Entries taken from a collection
[Start of section]
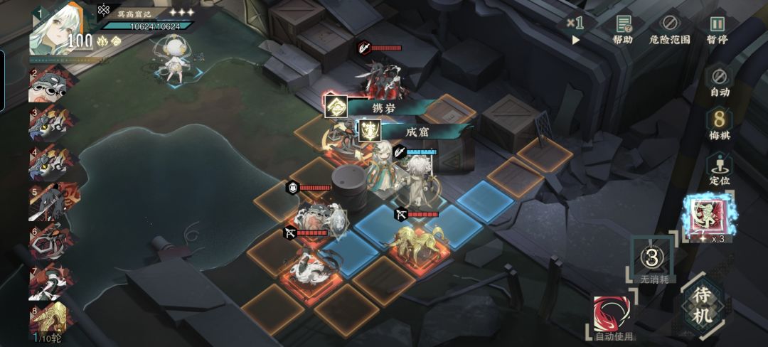 三格内怪死亡多回一能量,高记大招往怪多地方放(最少两个),如果自己能每轮大死两个怪就能保证循环。大死一个就需要队友帮忙清理一个,一个大不死就需要队友清理三个。
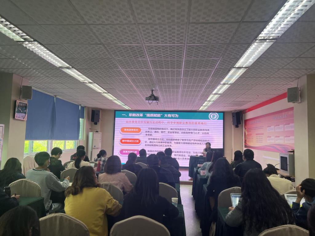 石校长从职教改革“提质赋能”大有可为,职教发展“提档升级”大有作为,干事创业“提剑汗马”以何作为三个方面强调了职业教育应化“大有可为”为“大有作为”。她指出,职业教育应转观念、强内涵、增效益,把人才培养体系由小“h”型变成大“H”,深刻理解职教改革的重大意义,大力凸显职业教育的类型特色,全面提升职业教育的服务能力,要坚持办面向市场的就业教育、坚持办面向能力的实践教育、坚持办面向社会的跨界教育,推进校企双元育人、岗课赛证融合及“三教”改革,加强产业、职业、敬业教育。
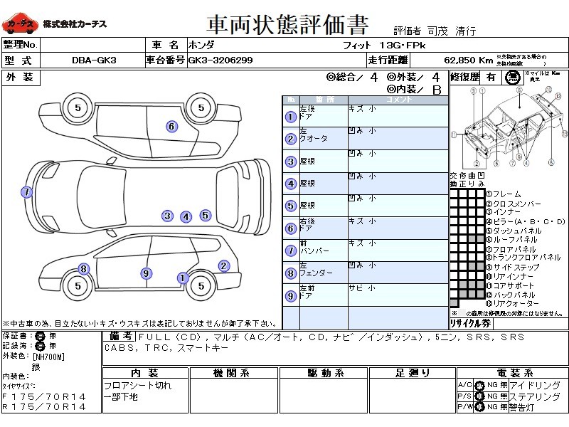 | メーカー・車種 | ホンダ フィット 13G・FPk (型式:DBA-GK3) | ||||||||||||||||||||||||||||||||||||||||
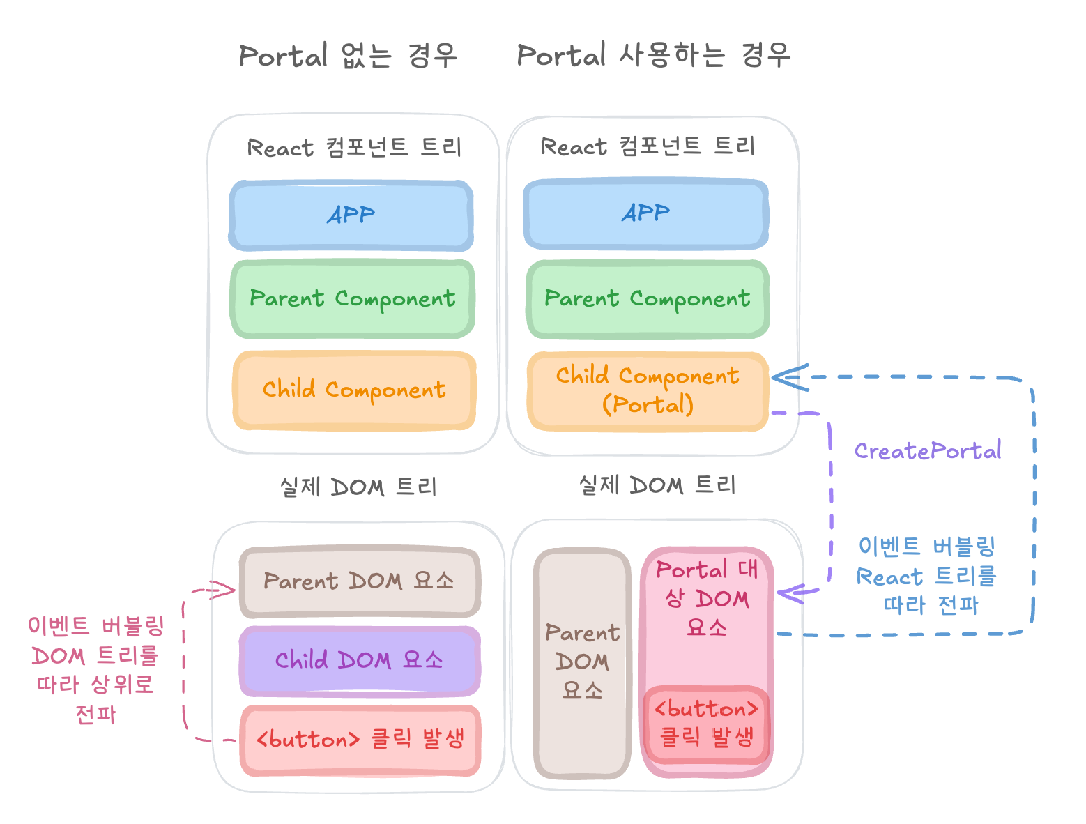 리액트에서는 createPortal로 렌더링된 요소의 이벤트가 물리적인 DOM 구조가 아닌, 리액트 내부 컴포넌트 트리를 기준으로 버블링됩니다. 즉, 화면상으로는 DOM이 분리되어 있더라도, 리액트 입장에서는 해당 컴포넌트가 원래 있던 위치에서 발생한 것처럼 인식합니다.
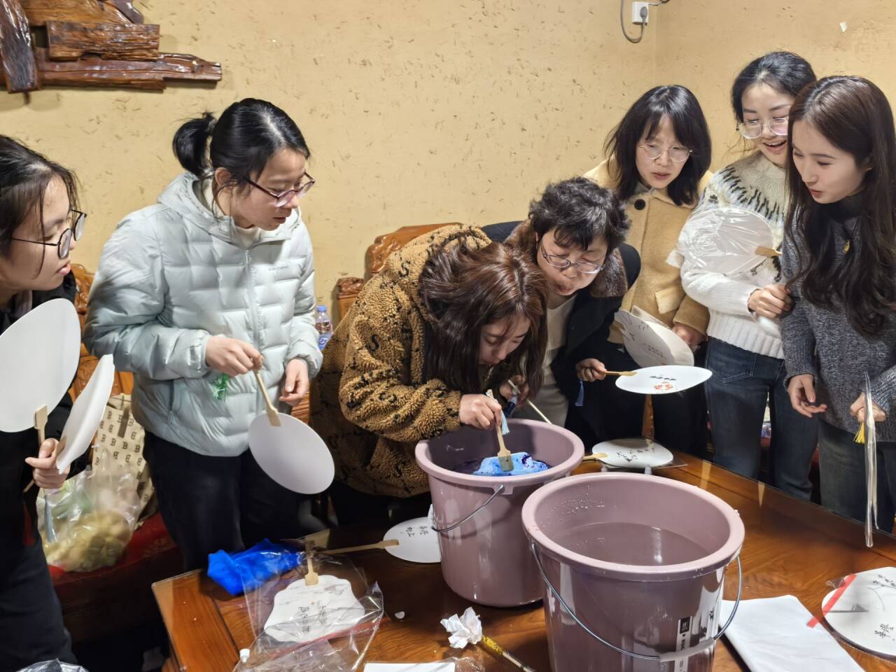 活动现场,老师们踊跃参与,以个人爱好调配色调,创造出丰富多彩的漆扇作品。
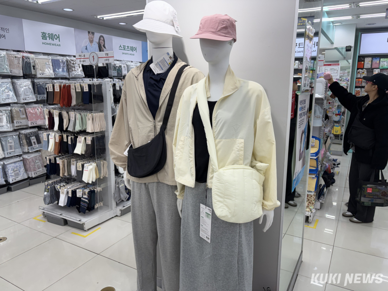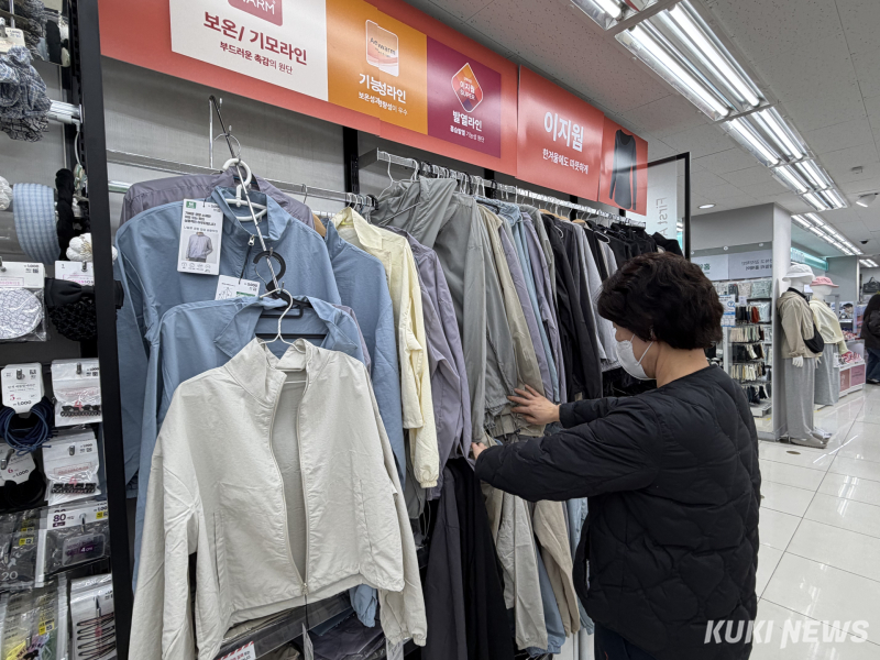 매장 풍경도 달라졌다. 매장 관계자는 “옷 진열하는 면적이 지난해보다 확실히 늘었다”며 “옷 코너가 차지하는 공간이 눈에 띄게 커졌다”고 전했다. 실제로 이날 매장에서는 입구 가까운 주요 자리에 의류 행거가 배치돼 있었고, 바람막이·티셔츠·가디건 등이 색상별로 진열된 코너에는 손님들의 발길이 끊이지 않았다. 계산대 앞에는 의류를 포함한 장바구니를 든 고객 비율이 눈에 띄게 높았다.
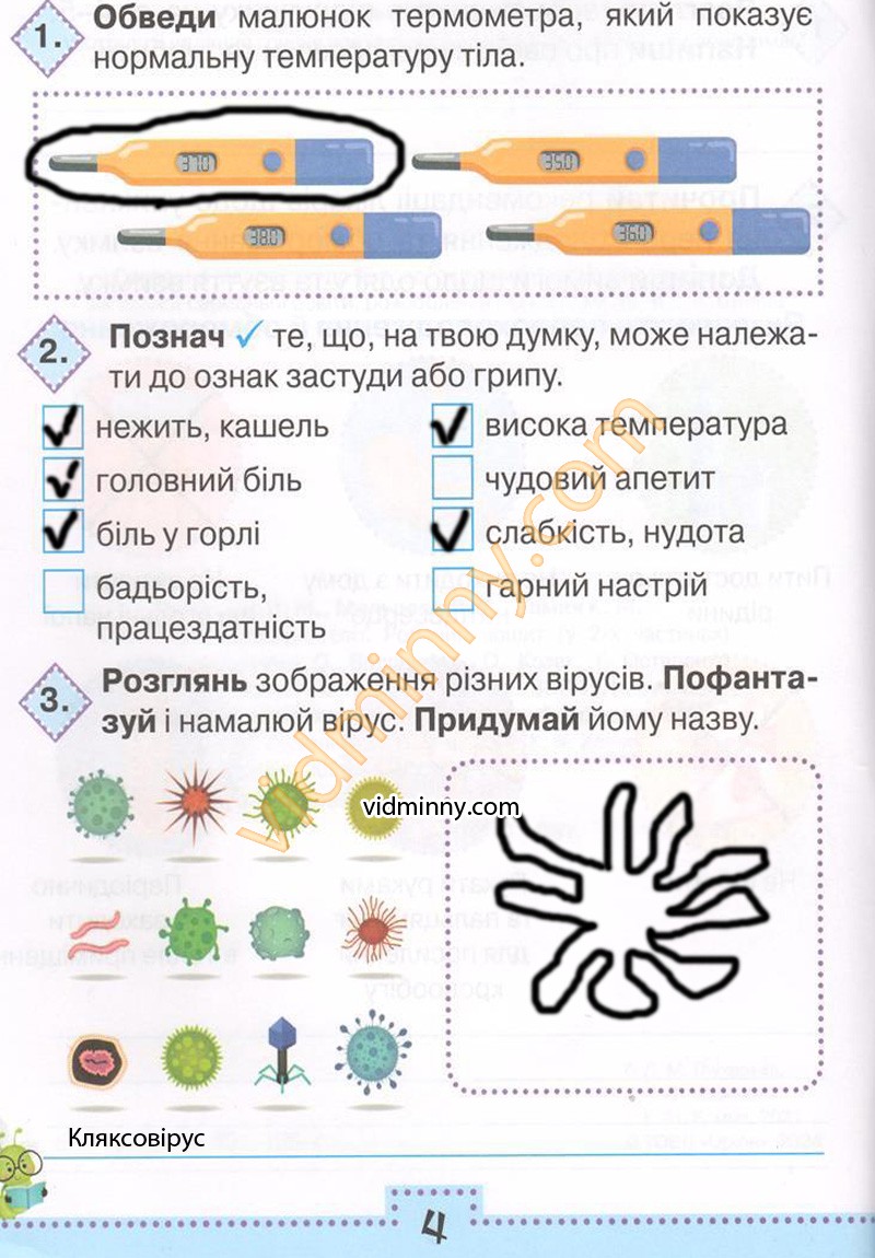 1. Обведи малюнок термометра, який показує нормальну температуру тіла.
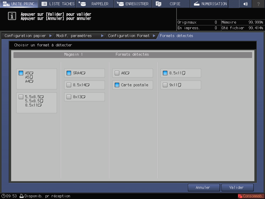 Explication supplémentaireLes formats standard détectables diffèrent selon le magasin papier.
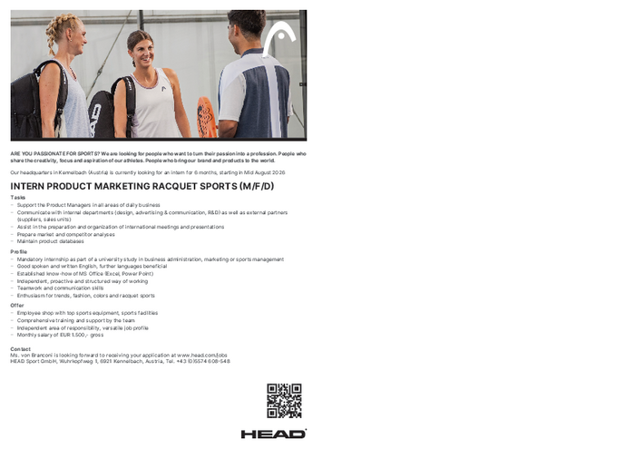 Ms. von Branconi is looking forward to receiving your application at www.head.com/jobs
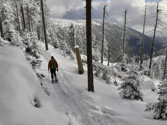 Pohodlná vyšlapaná zelená sněžnicová magistrála do Sedla pod Vřesovkou
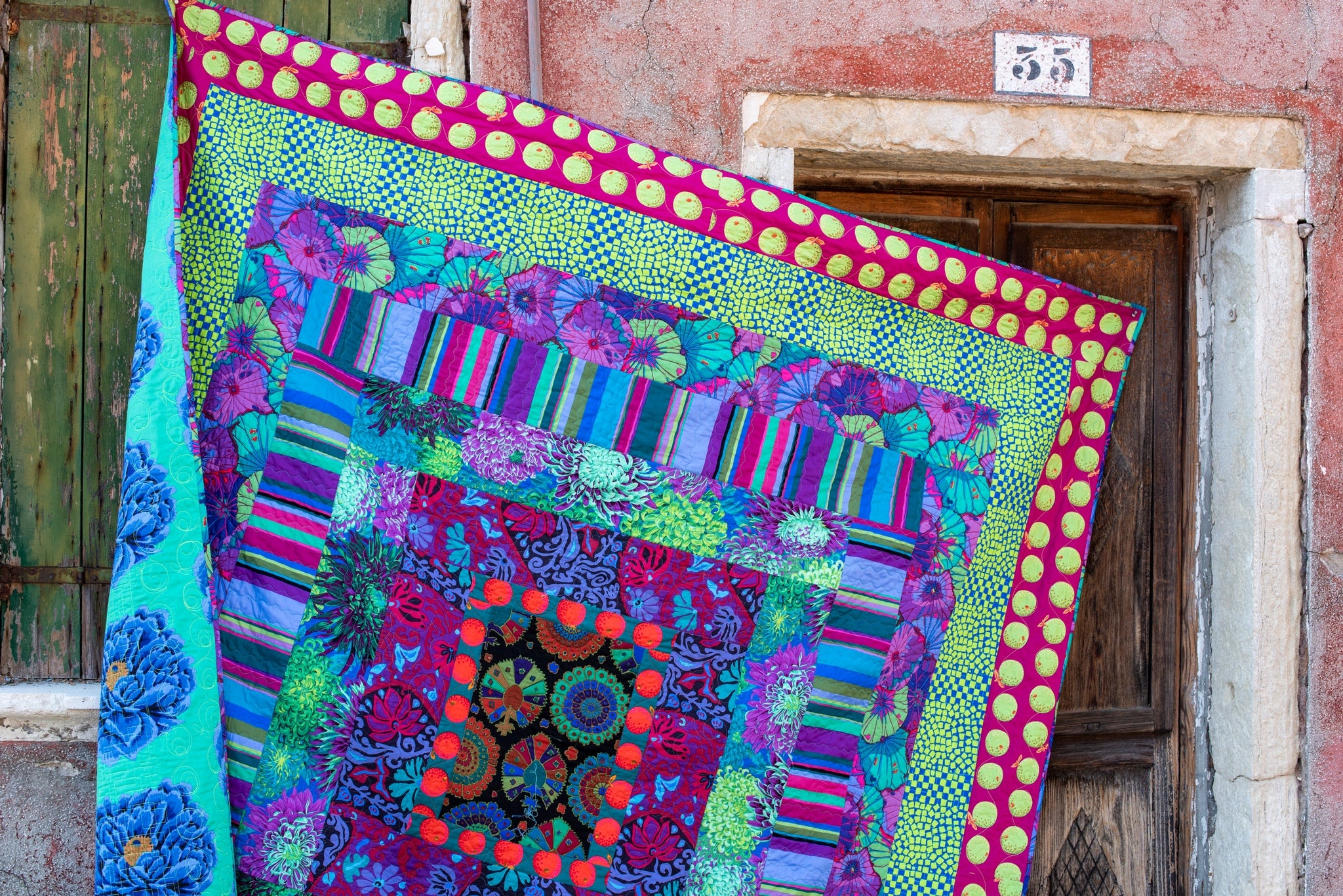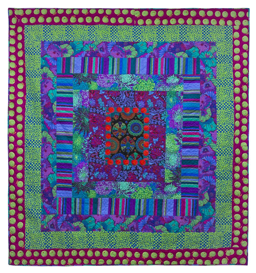 BRANDON MABLY - Quilts in Burano - GREEN WITH ENVY Quilt Kit displays a greenish background, primarily made up of green and blues. This creates the perfect foundation to add sharp contrasts that truly pop! Roman Tiles is a perfect mix of the designs Oranges, Chrysanthemum and others ! With Paper Fans as the backing, the vibrancy of primary colors adds a great spark of color!
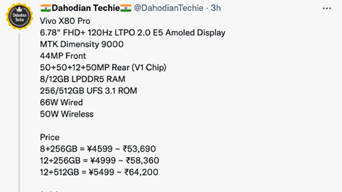 最后大家关注的价格方面,vivo X80 Pro就有些感人了,据外媒爆料vivo X80 Pro起步价为4599元,对于普通消费者来说,价格并不便宜。
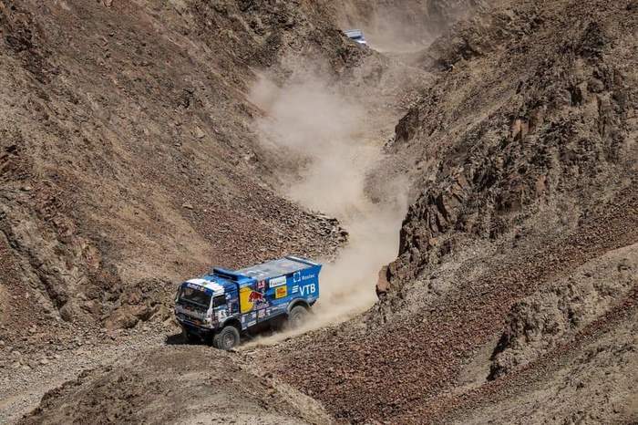 Много странностей было на этом Дакаре. К сожалению, организаторы то и дело пытались вставить палки в колеса нашим ребятам из КАМАЗ-мастер. То добавят какое-то время Сотникову, из-за чего была изменена стартовка и рушилась выбранная накануне руководителем команды Владимиром Чагиным тактика. (Позже, это время заберут обратно.) То дисквалифицируют экипаж Андрея Каргинова из-за происшествия со зрителем, ответственность за которых лежит в первую очередь на организаторах.
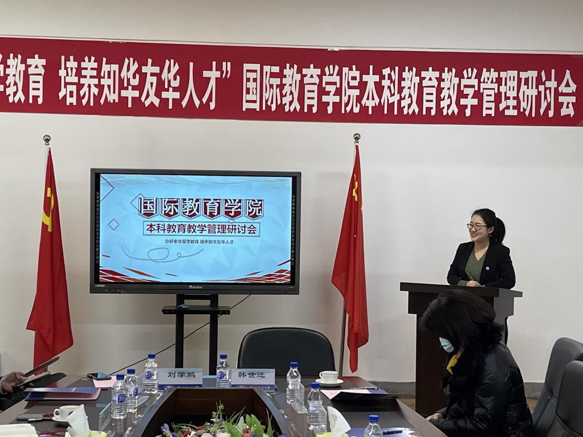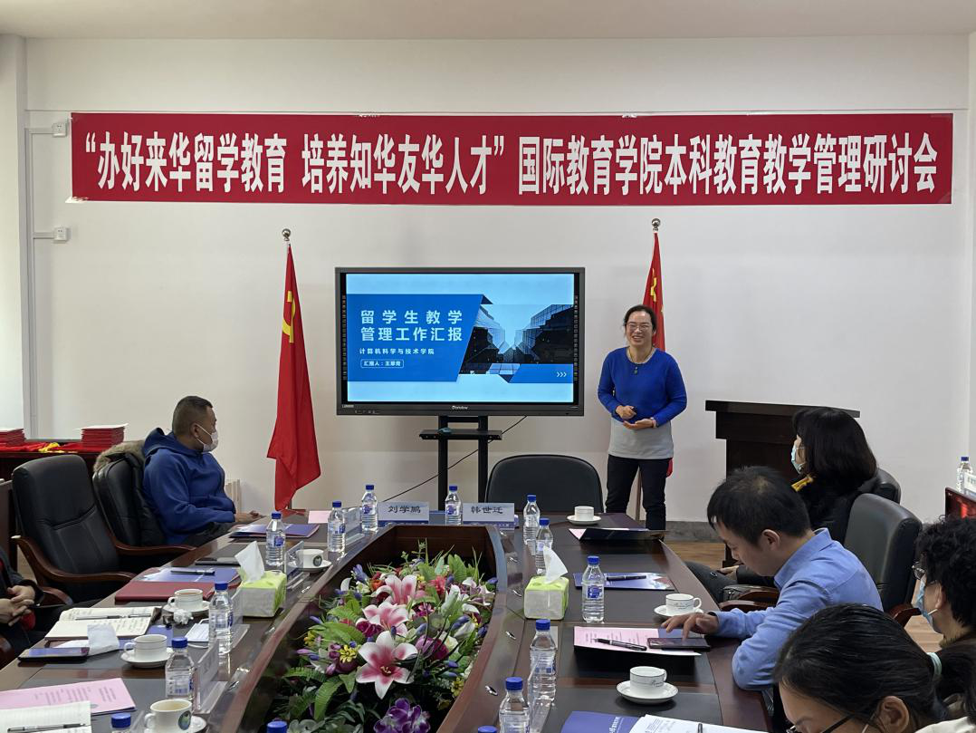 来自各个二级学院的留学生教学秘书代表也在会上发言。王翠青老师(计算机科学与技术学院)做了留学生教学管理工作汇报,介绍了计算机科学与技术学院在留学生教学与管理方面的经验,同时也提出了对今后工作的建议。
[End of section]
● **Problem statement**: Restate the records above in full and word for word, but do not carry over any pictures.

● **Task output**:
 三格内怪死亡多回一能量,高记大招往怪多地方放(最少两个),如果自己能每轮大死两个怪就能保证循环。大死一个就需要队友帮忙清理一个,一个大不死就需要队友清理三个。
 石校长从职教改革“提质赋能”大有可为,职教发展“提档升级”大有作为,干事创业“提剑汗马”以何作为三个方面强调了职业教育应化“大有可为”为“大有作为”。她指出,职业教育应转观念、强内涵、增效益,把人才培养体系由小“h”型变成大“H”,深刻理解职教改革的重大意义,大力凸显职业教育的类型特色,全面提升职业教育的服务能力,要坚持办面向市场的就业教育、坚持办面向能力的实践教育、坚持办面向社会的跨界教育,推进校企双元育人、岗课赛证融合及“三教”改革,加强产业、职业、敬业教育。
 | メーカー・車種 | ホンダ フィット 13G・FPk (型式:DBA-GK3) | ||||||||||||||||||||||||||||||||||||||||
 리액트에서는 createPortal로 렌더링된 요소의 이벤트가 물리적인 DOM 구조가 아닌, 리액트 내부 컴포넌트 트리를 기준으로 버블링됩니다. 즉, 화면상으로는 DOM이 분리되어 있더라도, 리액트 입장에서는 해당 컴포넌트가 원래 있던 위치에서 발생한 것처럼 인식합니다.
 活动现场,老师们踊跃参与,以个人爱好调配色调,创造出丰富多彩的漆扇作品。
 매장 풍경도 달라졌다. 매장 관계자는 “옷 진열하는 면적이 지난해보다 확실히 늘었다”며 “옷 코너가 차지하는 공간이 눈에 띄게 커졌다”고 전했다. 실제로 이날 매장에서는 입구 가까운 주요 자리에 의류 행거가 배치돼 있었고, 바람막이·티셔츠·가디건 등이 색상별로 진열된 코너에는 손님들의 발길이 끊이지 않았다. 계산대 앞에는 의류를 포함한 장바구니를 든 고객 비율이 눈에 띄게 높았다.
 1. Обведи малюнок термометра, який показує нормальну температуру тіла.
 Explication supplémentaireLes formats standard détectables diffèrent selon le magasin papier.
 Ms. von Branconi is looking forward to receiving your application at www.head.com/jobs
 Pohodlná vyšlapaná zelená sněžnicová magistrála do Sedla pod Vřesovkou
 BRANDON MABLY - Quilts in Burano - GREEN WITH ENVY Quilt Kit displays a greenish background, primarily made up of green and blues. This creates the perfect foundation to add sharp contrasts that truly pop! Roman Tiles is a perfect mix of the designs Oranges, Chrysanthemum and others ! With Paper Fans as the backing, the vibrancy of primary colors adds a great spark of color!
 最后大家关注的价格方面,vivo X80 Pro就有些感人了,据外媒爆料vivo X80 Pro起步价为4599元,对于普通消费者来说,价格并不便宜。
 Много странностей было на этом Дакаре. К сожалению, организаторы то и дело пытались вставить палки в колеса нашим ребятам из КАМАЗ-мастер. То добавят какое-то время Сотникову, из-за чего была изменена стартовка и рушилась выбранная накануне руководителем команды Владимиром Чагиным тактика. (Позже, это время заберут обратно.) То дисквалифицируют экипаж Андрея Каргинова из-за происшествия со зрителем, ответственность за которых лежит в первую очередь на организаторах.
 来自各个二级学院的留学生教学秘书代表也在会上发言。王翠青老师(计算机科学与技术学院)做了留学生教学管理工作汇报,介绍了计算机科学与技术学院在留学生教学与管理方面的经验,同时也提出了对今后工作的建议。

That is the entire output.